Dieses Prachtfoto unseres roten Nachbarplaneten wurde am 26. Juni 2001 vom Weltraumteleskop Hubble aufgenommen. Es gilt als das schärfste je von der Erde aus aufgenommene Foto des Mars. Zu sehen sind gleich zwei sich zusammenbrauende Sturmsysteme: Eines verrät sich durch die weißen Wolkenformationen im Nordpolargebiet, das andere durch die gelb-braunen Staubschleier am rechten Rand der Südhemisphäre des Planeten.
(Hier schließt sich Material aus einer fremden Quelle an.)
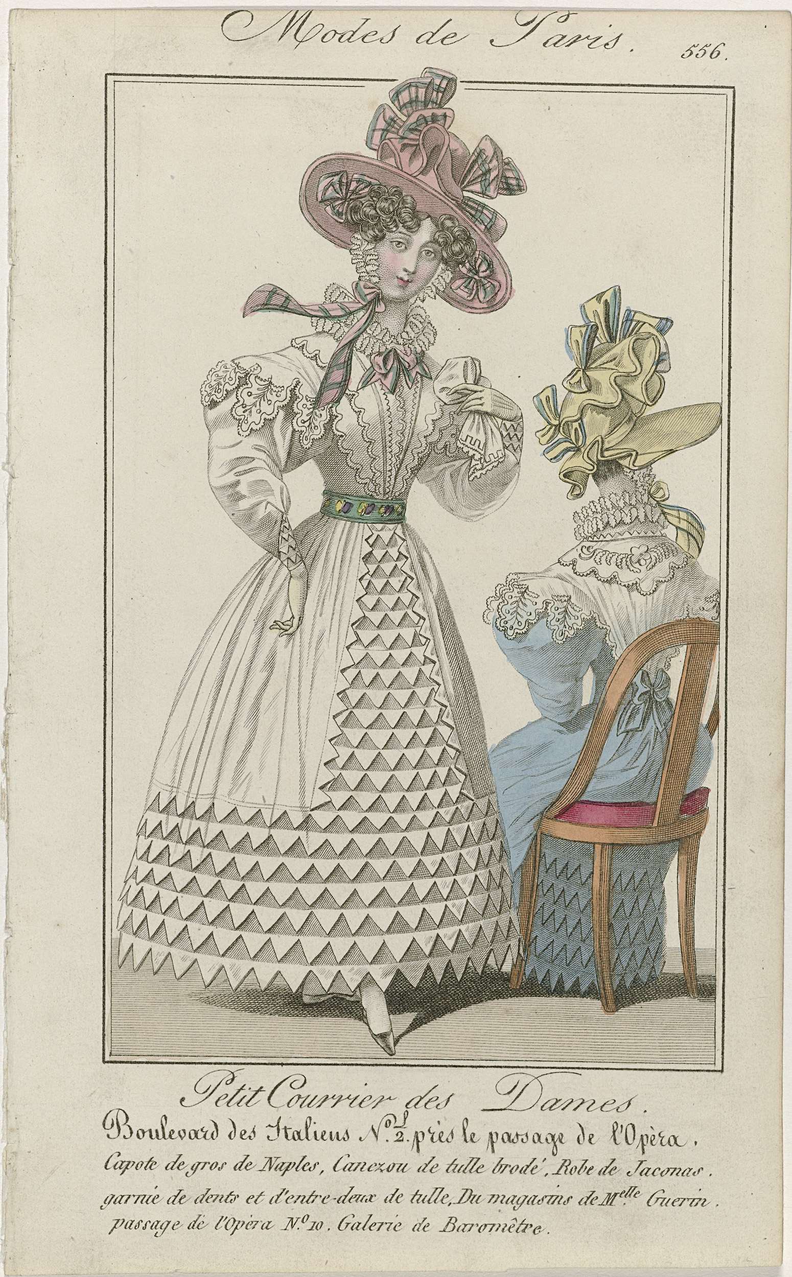 Petit Courrier des Dames, 1828, No. 556 : Capote de ...

Wenige Wochen später hüllten die dichten Staubwolken eines globalen Mega-Orkans die gesamte Planetenscheibe in trübes, rötliches Licht.


Die Welt des verlorenen Wassers

Kaum ein anderer Planet unseres Sonnensystems ist der Erde so ähnlich wie der Mars. Mit einem Durchmesser von knapp 6.800 Kilometer ist unser Nachbar zwar deutlich kleiner als die Erde, doch besitzt auch er einen schalenförmigen, inneren Aufbau mit einem festen Kern, einem teils glutflüssigen Mantel sowie einer festen Gesteinskruste mit felsiger Oberfläche. So gibt es auf dem roten Planeten stark gegliederte Landschaften mit teils vulkanischen Bergen, Tälern, Becken und weiten Ebenen. Hinzu kommen Jahreszeiten und wechselnde Wettervorgänge mit Wolken, Wind und sogar Wassereis. Der wichtigste Baustein des Lebens, wie wir es kennen, flüssiges Wasser, ist unserem roten Nachbarn im All jedoch schon vor langer Zeit weitgehend abhanden gekommen.
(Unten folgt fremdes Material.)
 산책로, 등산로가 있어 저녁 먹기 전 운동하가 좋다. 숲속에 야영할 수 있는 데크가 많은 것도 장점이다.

Mächtige Vulkane bescherten einst Wasser im Überfluss


Der Marsvulkan Olympus Mons

© by NASA/JPL


Der größte Vulkan unseres Sonnensystems, der Marsvulkan Olympus Mons, aus Sicht der Raumsonde Viking 1 am 22. Juni 1978. Der Gigant hat vom Fuß an gemessen eine Höhe von 26,4 Kilometern und erreicht einen Basisdurchmesser von fast 600 Kilometern. - Die gewaltigen Eruptionen von Vulkanen wie diesem brachten einst das Wasser auf den roten Planeten.
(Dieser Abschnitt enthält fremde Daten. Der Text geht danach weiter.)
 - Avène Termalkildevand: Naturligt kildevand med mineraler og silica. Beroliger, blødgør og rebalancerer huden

Am Anfang war das Wasser. Auch auf dem Mars. Wasser floss über seine Oberfläche, in Flüssen und Seen, ja, füllte gar ganze Meeresbecken - daran haben Planetenforscher inzwischen kaum noch Zweifel. Denn zahllose Erosionsspuren deuten auf die marsgeschichtliche Existenz eines feuchten Zeitalters kurz nach der Entstehung des Planeten hin. Das feucht-warme Klimaregime überdauerte vermutlich mehrere Hundert Millionen Jahre, ging aber vor rund 4 Milliarden Jahren jählings zu Ende. Zwar gibt es Hinweise darauf, dass auch in der jüngeren Geschichte des Mars zumindest zeitweise und regional begrenzt immer mal wieder Wasser geflossen ist oder in Form von Schnee zu Gletscherbildung geführt hat, doch an das ursprüngliche, planetenweit feuchte Klima der Urzeit dürften solche temporären Ereignisse wohl nie wieder herangekommen sein.


Einstiges Flusstal auf dem Mars

© by ESA, DLR, FU Berlin (G.Neukum)


Das perspektivische Falschfarbenbild der hochauflösenden Stereokamera HRSC von Bord der europäischen Raumsonde Mars-Express lässt ahnen, dass dieses gewundene und tief in die Mars-Oberfläche eingeschnittene Tal einst von fließendem Wasser geformt wurde.

Gewaltige Vulkane spuckten damals neben Lava und Staub auch Unmassen an Kohlendioxid und Wasserdampf in die seinerzeit dichte und warme Marsatmosphäre. Als sich der Planet stark genug abgekühlt hatte, kondensierte der Wasserdampf wie auf der Erde zu Wolken und von gewaltigen Regenfällen gespeiste Flüsse formten Täler, Schluchten und Becken in die Oberfläche des jungen Planeten. Für einige 100 Millionen Jahre gab es Wasser im Überfluss. Schneefälle sorgten in den Polargebieten und an den Flanken der Bergmassive für die Entstehung von Gletschern.


Eiszeit auf Mars

© by NASA/JPL Brown University


Die NASA-Simulation zeigt den Mars mit den weit zum Äquator hin vorgerückten Gletschern einer prähistorischen Eiszeit. Forscher gehen davon aus, dass sich in der Geschichte des Planeten mehrfach Eiszeiten ereignet haben, weil die Neigung seiner Rotationsachse gegen die Bahnebene schwankt. Gegenwärtig ist diese Neigung mit etwa 25 Grad zwar derjenigen der Erde vergleichbar, doch trudelt der Mars wie ein instabiler Kreisel durchs All. So pendelt seine Achsneigung zwischen 0 und bis zu 60 Grad, ein Umstand, der je nach Achsstellung zur Sonne enorme Klimaschwankungen nach sich zieht. - Der Erde ist ein solches Schicksal nur deshalb erspart geblieben, weil sich unser Mond stabilisierend auf die Erdachse auswirkt.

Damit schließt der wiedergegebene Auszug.